In an effort to recover some sort of truth about that part of his life, Carr went back to Minnesota and interviewed friends he'd wronged and family members who witnessed his breakdown.

It's the time of his life when he became a father to twin girls. It's also the time when he hit their mother.

The unfailing politeness innate in many Minnesotans helped facilitate the interviews, but each session exacted its own price.

"I went to see my ex-wife," Carr says. "I spent 40 minutes in their living room and it was a nightmare. It was like the worst 40 minutes of my life."

Those "incredibly mortifying" interviews ultimately became his book Night of the Gun.

The book reveals a selfish, volatile man in the throes of addiction, as well as a determined, loving father in recovery.

It helped pay for his daughter's college education, but it didn't provide the epiphany Carr had hoped for, something he recalls one of his daughters predicting.

"She said, 'Let's talk about you doing this book,'" Carr recalls.

'I never thought you'd do a book like this.' "Really? Why?" Carr replied. "And she said, 'I just didn't think you'd find catharsis in it,' and she was right. I didn't. She hit me right between the eyes with that one."

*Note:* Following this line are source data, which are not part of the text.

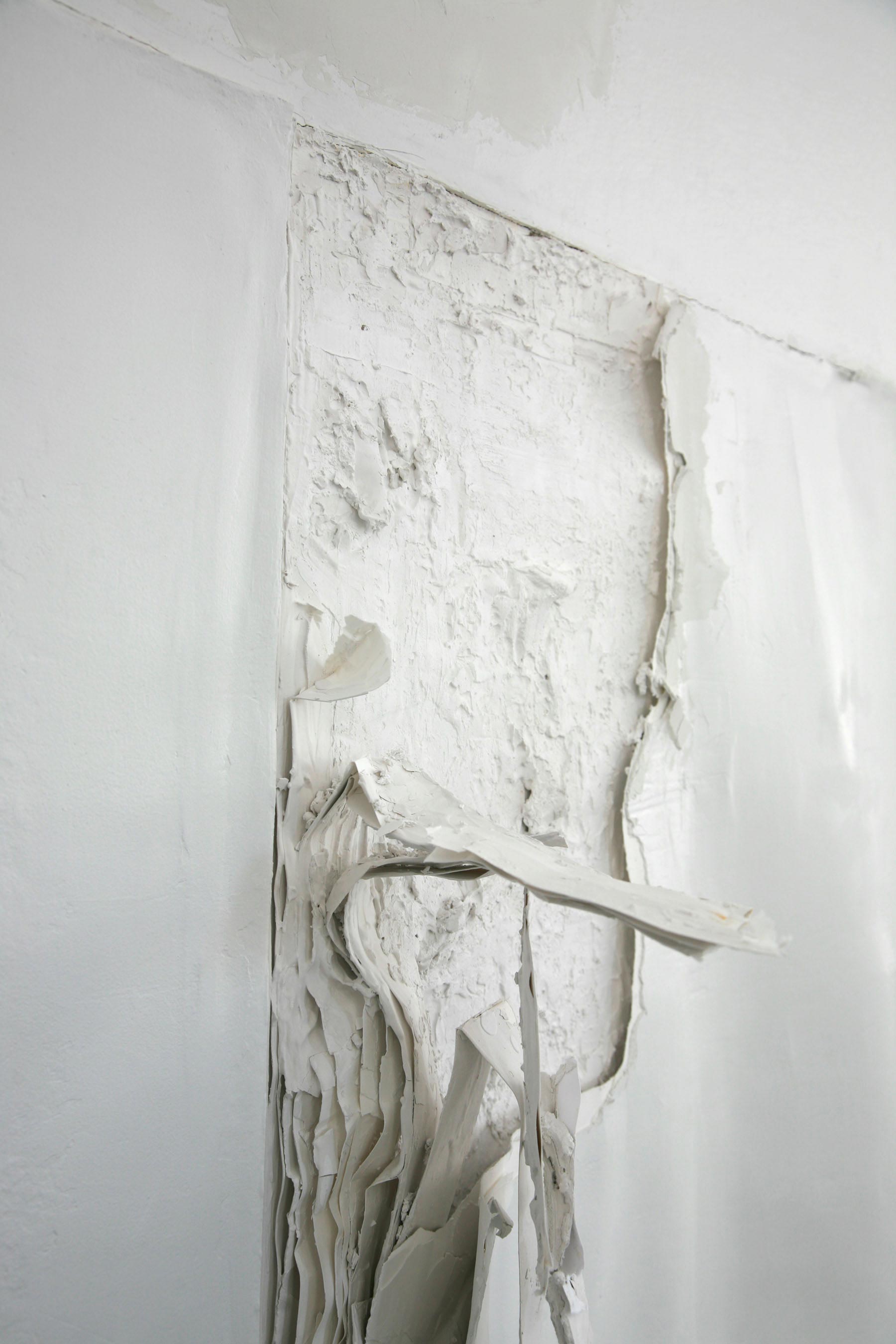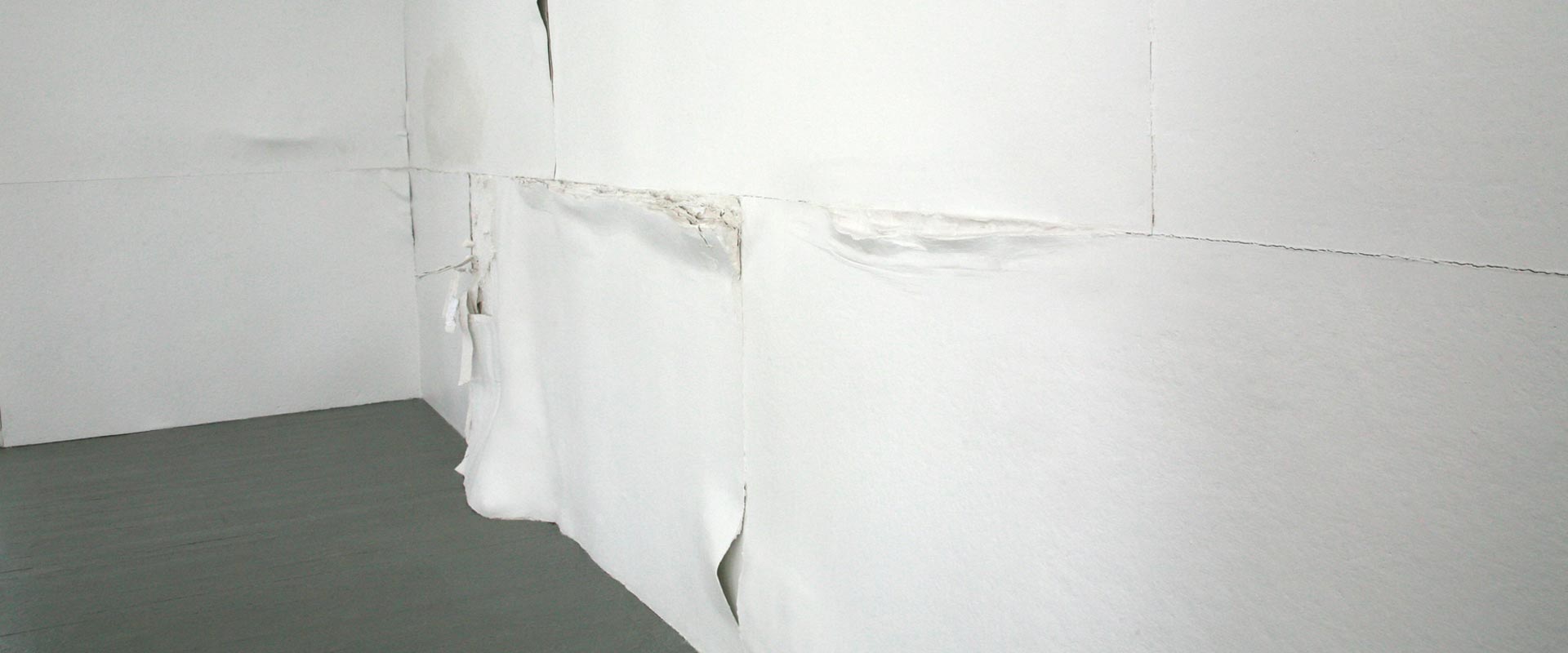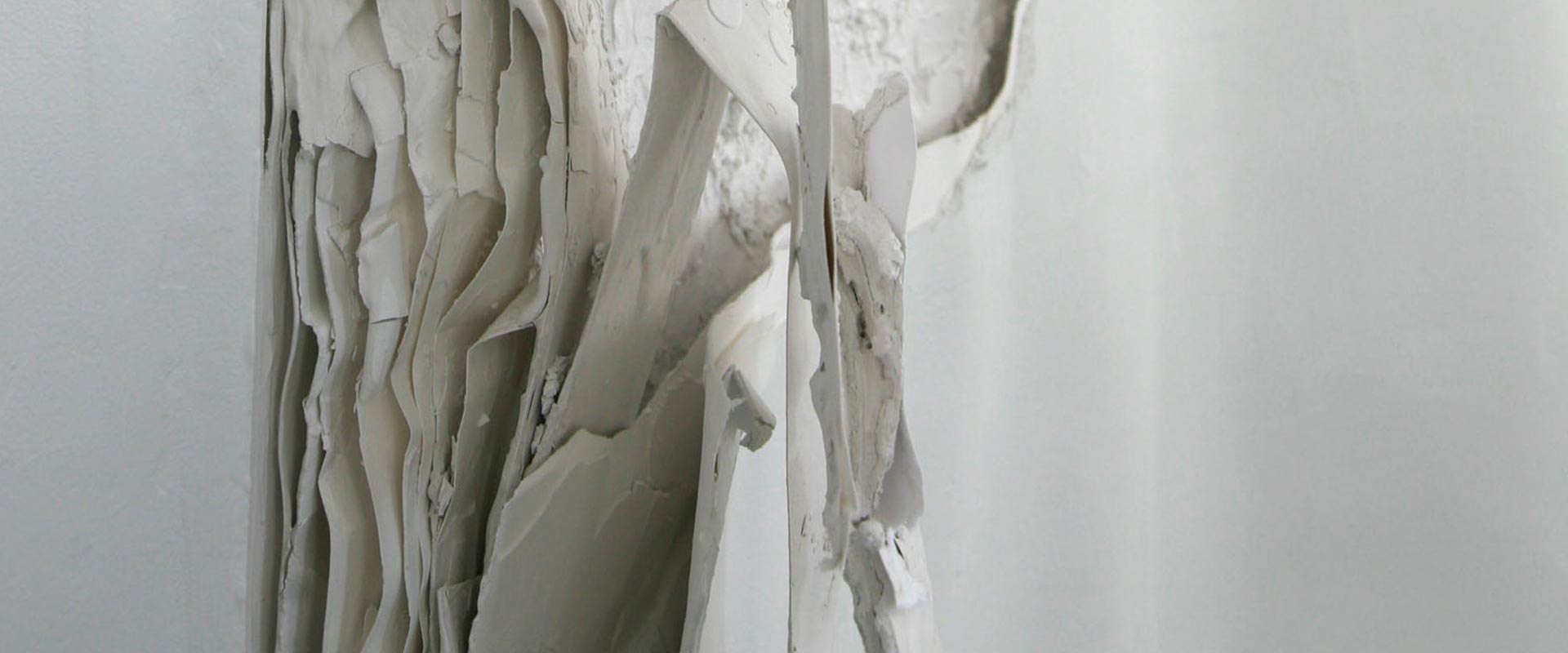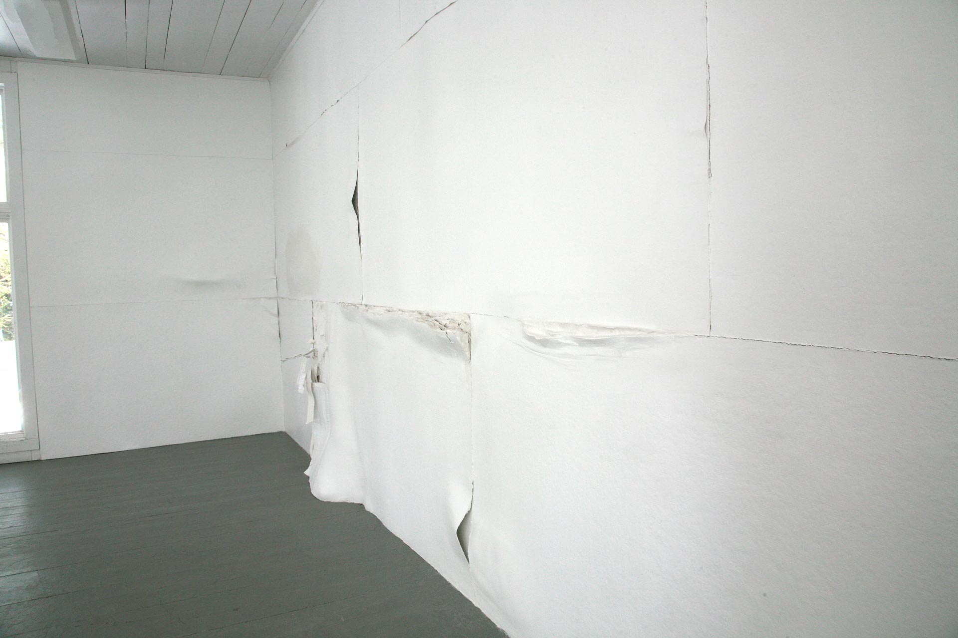 I spent time at the MacDowell Colony as a National Endowment for the Arts fellow in February of 2009. My project directly responded to the architectural environment at the colony. Within the Cheney Studio, walls made with panels of homasote had warped over time. My intervention into the architecture redefined the space as a site for reconciliation between deterioration and preservation. The seams, or “lines of joining” between the panels, became the starting point of a 24-day experiment working directly on the walls. Daily sessions involved excavating and digging into the wall, followed by sculpting areas with fresh plaster. The expansion and contraction of the wall’s surface generated a collection and arrangement of plaster fragments on the floor. This temporal installation explored the demarcation of space as a volume that came apart at the seams.
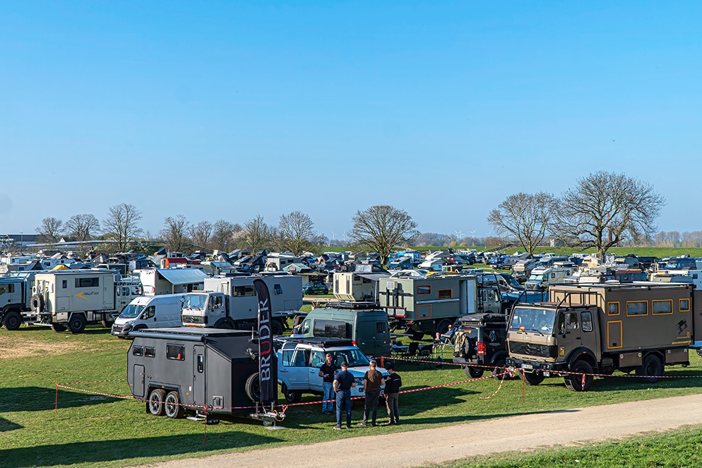 Schon am Donnerstag ist das Areal vor dem Messe- und Kongresszentrum in Kalkar gut gefüllt. Bereits am Abend vor der Messe rollen fast im Minutentakt geländegängige Fahrzeuge auf das Camping-Areal.
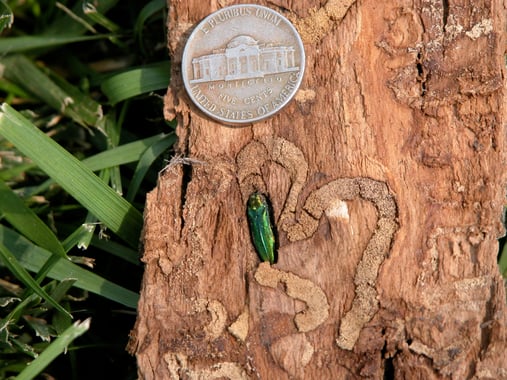 Emerald ash borers (EAB) are shiny emerald in color. Adult bodies are 3/8 – 1/2 inch long and 1/16 inch wide. Surprisingly, adults cause little damage to ash trees other than chewing on their leaves. The most destructive phase in the lifecycle is the nearly invisible one: larvae. Emerald ash borer eggs are laid beneath the surface of ash tree bark, chewing galleries through the tree and causing irreversible damage. The larval state lasts 1-2 years before they emerge through signature D-shaped holes to mate. This means at least one year of damage occurs beneath the surface of the tree’s bark.

The experience made Carr more skeptical about people's stories, and more careful about his own, a trait that has shaped his work with the Times.

"Here I was working at an institution where a serious story in the wrong direction could snap somebody's career in half like a dry winter twig," he says. "It seemed like a lot of gravitas to place in the hands of someone like me. I gradually became OK with it and became more careful as I went along."

Carr is scheduled to speak at Capilano University on Feb. 3. He eventually uploaded the Matt Stone interview.